Whole‐genome sequencing
ALSPAC and TwinsUK cohorts were sequenced at an average read depth of 6.7× through the UK10K program (http://www.UK10K.org) using the Illumina HiSeq platform, and aligned to the GRCh37 human reference using BWA31. SNV calls were completed using samtools/bcftools and VQSR and GATK were used to recall these calls.
Whole‐exome sequencing
The AOGC, FHS, RS‐I, ESP and ERF cohorts were whole‐exome sequenced as described in the Supplementary Information.
Whole‐genome genotyping
All remaining discovery cohorts were genome‐wide genotyped and imputed to the UK10K/1000 Genomes reference panel, as described in the Supplementary Information.
Association testing for BMD
Single variants with a MAF > 0.5% were tested for an additive effect on lumbar spine, femoral neck and forearm BMD, adjusting for sex, age, age2, weight and standardized to have a mean of zero and a standard deviation of one.

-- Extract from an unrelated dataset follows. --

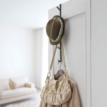 Make efficient use of your door as a handy storage space. Hanging hats and accessories makes getting ready to go out a breeze. The lowest hook is at a height that children can reach, perfect for hanging their coats. The upper hooks are handy for hanging adult hats and bags.

Meta‐analysis of cohort‐level summary statistics was undertaken using GWAMA32. Conditional analyses for significant SNVs was performed using GCTA33. Region‐based collapsing tests were performed using skatMeta34, an implementation of the SKAT method35 that enables the meta‐analysis of multiple cohorts. For each cohort, variants with MAF ≤ 5% or ≤1% were collected and meta‐analysis using skatMeta was conducted for windows of 30 SNVs within each region, overlapping by 10 SNVs.
Replication genotyping
Lead SNVs were selected for replication genotyping, which was performed at LGC Genomics, Erasmus MC and deCODE Genetics using KASP genotyping. Association testing for replication genotyping was undertaken using the same additive model, using the same covariates for BMD, as above.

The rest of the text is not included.